Putting link of the dup bug here so as not to lose the discussion there: http://bugzilla.gnome.org/show_bug.cgi?id=129473
I don't mean to pry, but after reading this comment: ---- SWT/Java benchmarks are not useful for us, unfortunately. Pango drawing speed is *expected* to be slower than GTK+-1.2 or Motif, because it is doing a lot more. ---- and seeing the values from the table above (forget Motif and older Pango and forget Anti Aliasing) from Fox and Windows, I see a speed deficiency of Pango ~26x slower than Fox with drawingText-methods and ~4.6x slower than Windows. Also a speed deficiency of ~24-27x slower than Fox or Windows with string/textExtent-methods. I don't know if this is just a case of SWT misusing GTK, it seems odd that out of all the toolkit comparisons, GTK still maintains such a large speed gap. There were more suggestions and comparisons posted to the original Eclipse bug here: https://bugs.eclipse.org/bugs/show_bug.cgi?id=37683 This may help in the investigation. Owen, I get the impression from you that as long as the toolkit is "fast enough" to not cause flickering from repaints, then that's good enough and we should focus efforts elsewhere. While I might agree if GTK wasn't such a high profile library, but it is. A Gnome 2.4 desktop is marginally slower on my desktop than a KDE 3.2 desktop, why is that? I don't know, probably because GTK is 'fast enough' and QT took the time and resources to go the extra mile to optimize it. Its hard to read your posts about how Pango should be slower because it is doing a lot more, I don't doubt its doing A LOT, but so is QT, Fox, wxWindows, Quartz and Window's font rendering systems and they seem to manage quite well at maintaining excellent quality with excellent speed... so that reasoning isn't really a convincing argument. On a side note, I see your name around the web alot related to some high profile projects, so it seems to me that you are probably incredibly swamped with work right now, is it possible put some resources on investigating this so the burden doesn't fall squarly on your shoulders (and subsequently onto a todo list that is I'm sure a mile long already)?
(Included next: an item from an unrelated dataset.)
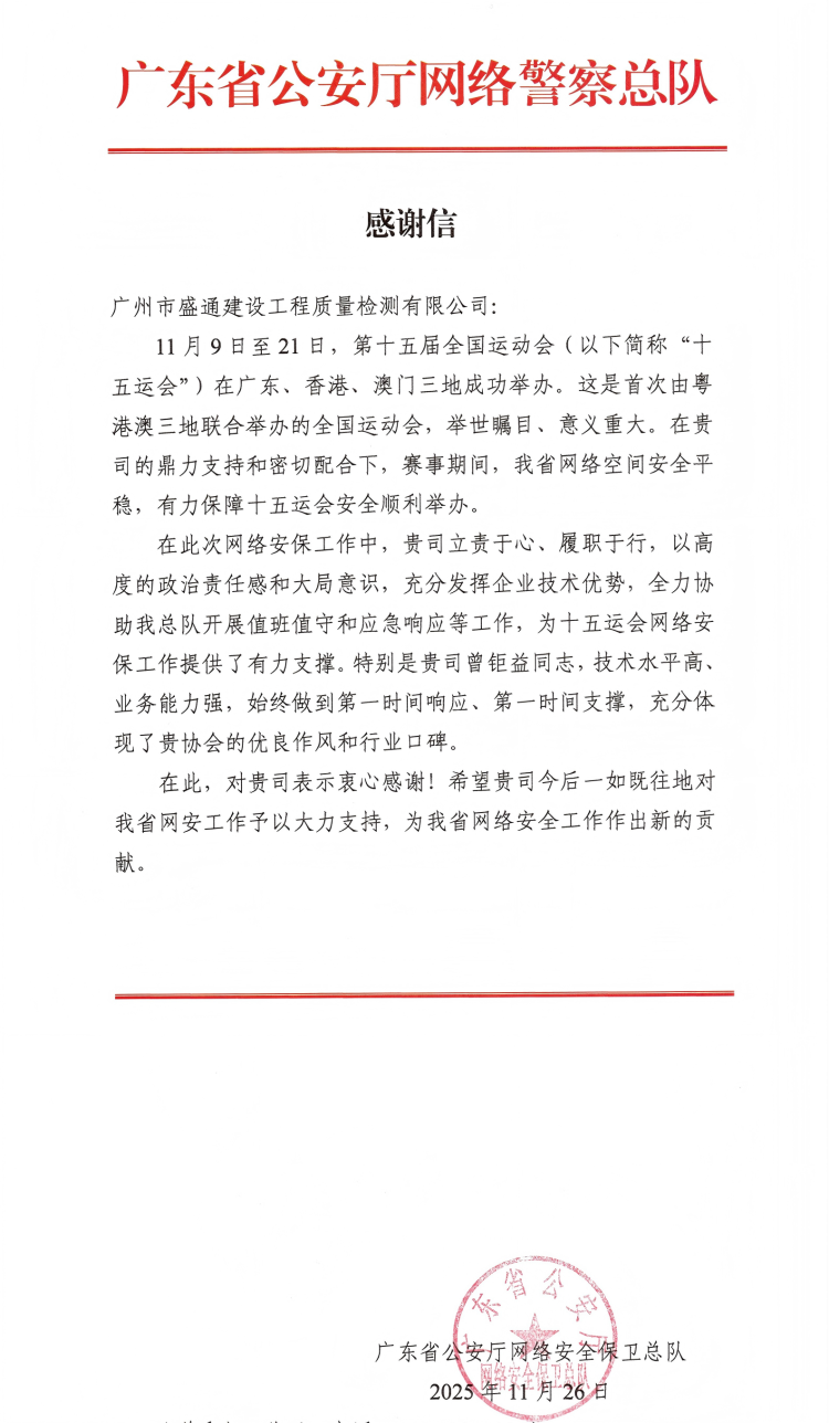 近日,盛通檢測(cè)獲得來(lái)自廣東省公安廳網(wǎng)警總隊(duì)的表彰,省網(wǎng)警總隊(duì)對(duì)公司在第十五屆全運(yùn)會(huì)期間提供的網(wǎng)絡(luò)安全保障支持給予了高度肯定,為賽事期間我省網(wǎng)絡(luò)空間的安全平穩(wěn)提供了有力支撐。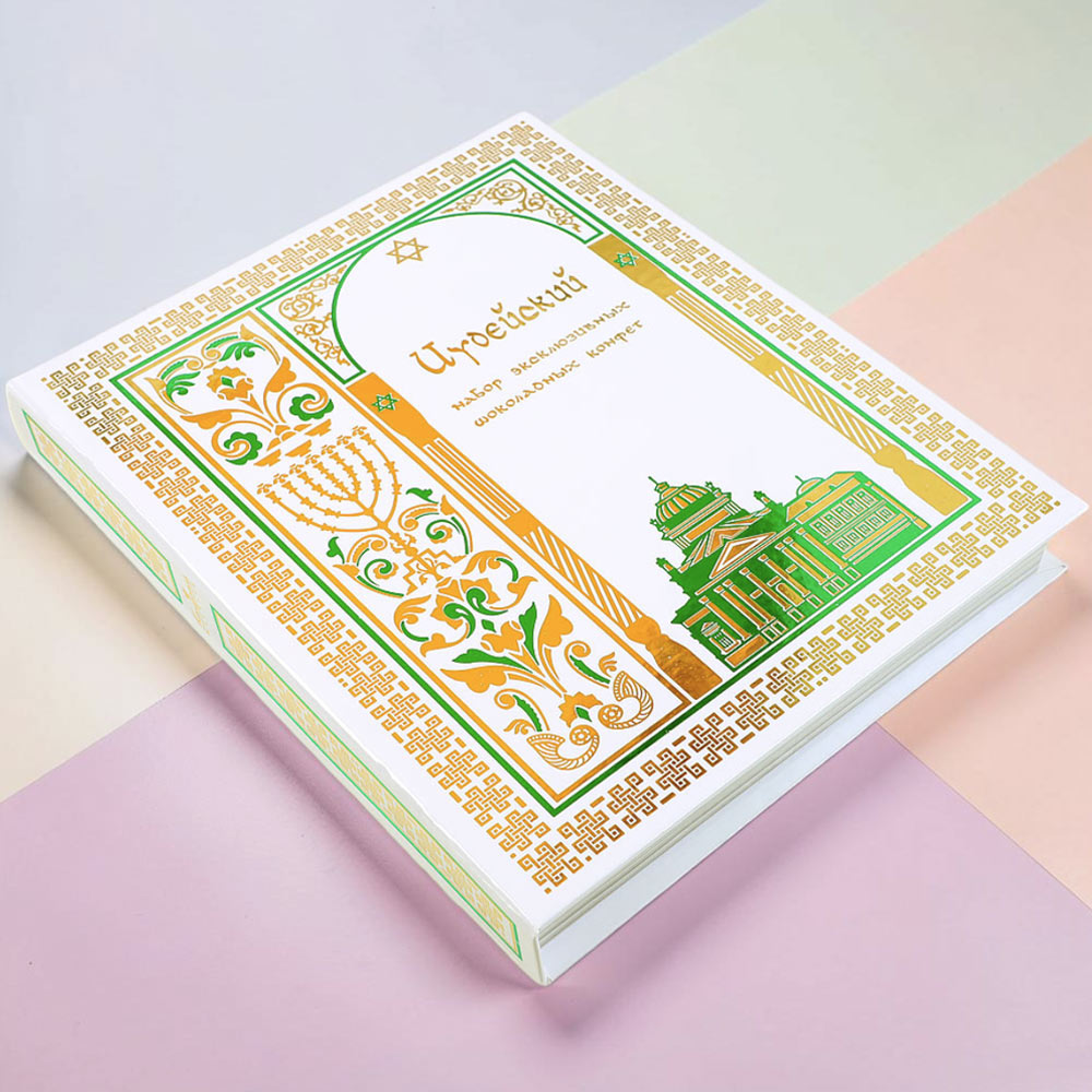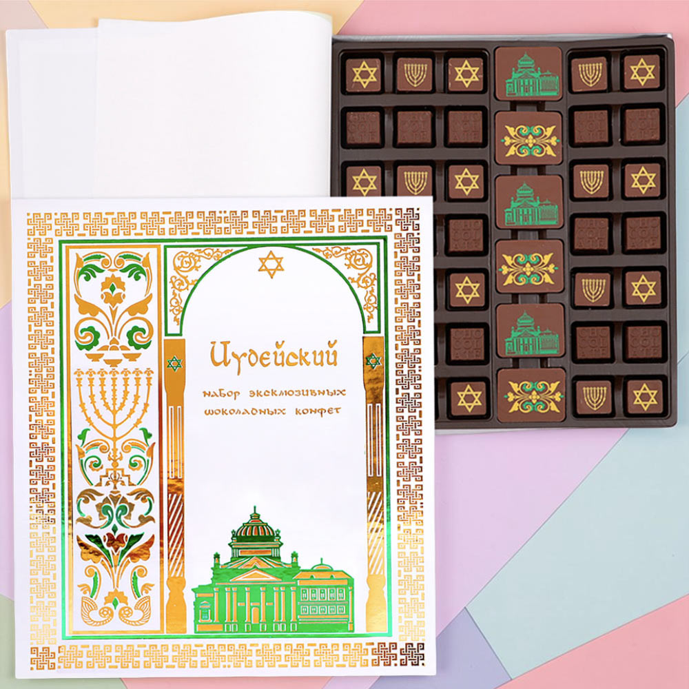 Обложка, также как и конфеты, украшена традиционными символами иудаизма, что подчеркнет Ваше уважение к получателю и искренность, с который Вы выбирали подарок для него.

A) I have no clue what the SWT benchmark is doing (and please don't point me at the source code for it, it's layered too deeply to be useful in any case.) So, I really can't comment on anything here. B) It's not clear if Fox is doing AA text or not, it's not clear what windowing system "Fox" is running on. C) Windows separates text going through the Uniscribe engine from "easy" text, and I don't want to do this. I want Pango performance to be good enough for everybody D) Yes, of course I'm swamped. Which is why I don't want bugs that just say "Pango is slow", I want bugs that say "This C benchmark is slow, becuase of this function is being called too much, here's a patch".
Owen, Interesting finding today, someone suggested that we use gedit as a baseline but found that even gedit runs terribly slows as well. In this comment: https://bugs.eclipse.org/bugs/show_bug.cgi?id=37683#c152 The gentleman clocked a full find/replace of the char 'a' to 'a1' took 44 seconds in a giant Java source file (StyledText, from Eclipse) while only 0.2 seconds in KWrite. In comment 151, it seems we have narrowed down Eclipse's performance problem on GTK simply to the fact that GTK/Pango paints are so expensive. There are propositions to making the paint requests in Eclipse more intelligent to simply not make calls out to GTK if not necessary, maybe GTK itself would benefit from similar strategies so all GTK-based apps would see the improvements? Anyway, I'm hoping that gedit is a small enough code base that it can be used as the "C program that exhibits the behavior" what you were looking for. I imagine that Bluefish, Ajunta can't be much different in this regard...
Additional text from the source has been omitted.